------ Data provided ------

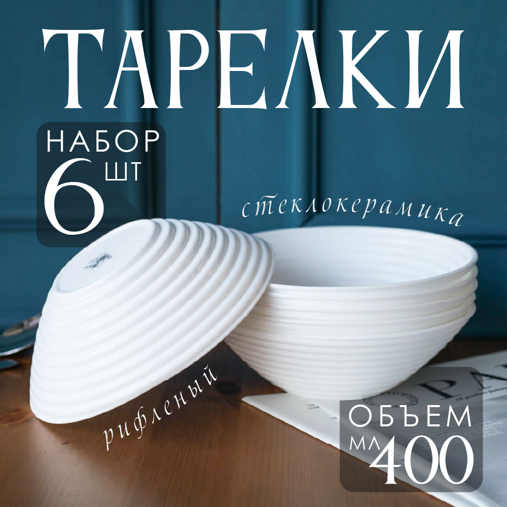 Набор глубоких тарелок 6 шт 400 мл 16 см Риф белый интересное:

------
------ Data provided ------

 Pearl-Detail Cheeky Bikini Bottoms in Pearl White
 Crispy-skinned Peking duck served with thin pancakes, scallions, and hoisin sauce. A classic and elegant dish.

------
------ Data provided ------

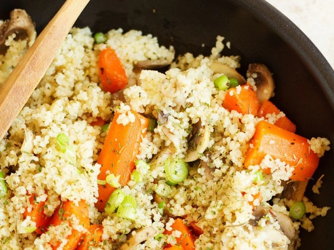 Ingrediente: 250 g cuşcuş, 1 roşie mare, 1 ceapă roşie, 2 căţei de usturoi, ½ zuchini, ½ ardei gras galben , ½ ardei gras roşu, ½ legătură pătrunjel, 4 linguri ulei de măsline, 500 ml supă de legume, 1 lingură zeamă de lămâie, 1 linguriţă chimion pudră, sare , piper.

------

> [Task brief]
In the material above, locate the line containing "Pearl-Detail Cheeky Bikini" and the line containing "Crispy-skinned Peking duck". Transcribe exactly those two lines and every line between them, and nothing more.

> [Final answer]
 Pearl-Detail Cheeky Bikini Bottoms in Pearl White
 Crispy-skinned Peking duck served with thin pancakes, scallions, and hoisin sauce. A classic and elegant dish.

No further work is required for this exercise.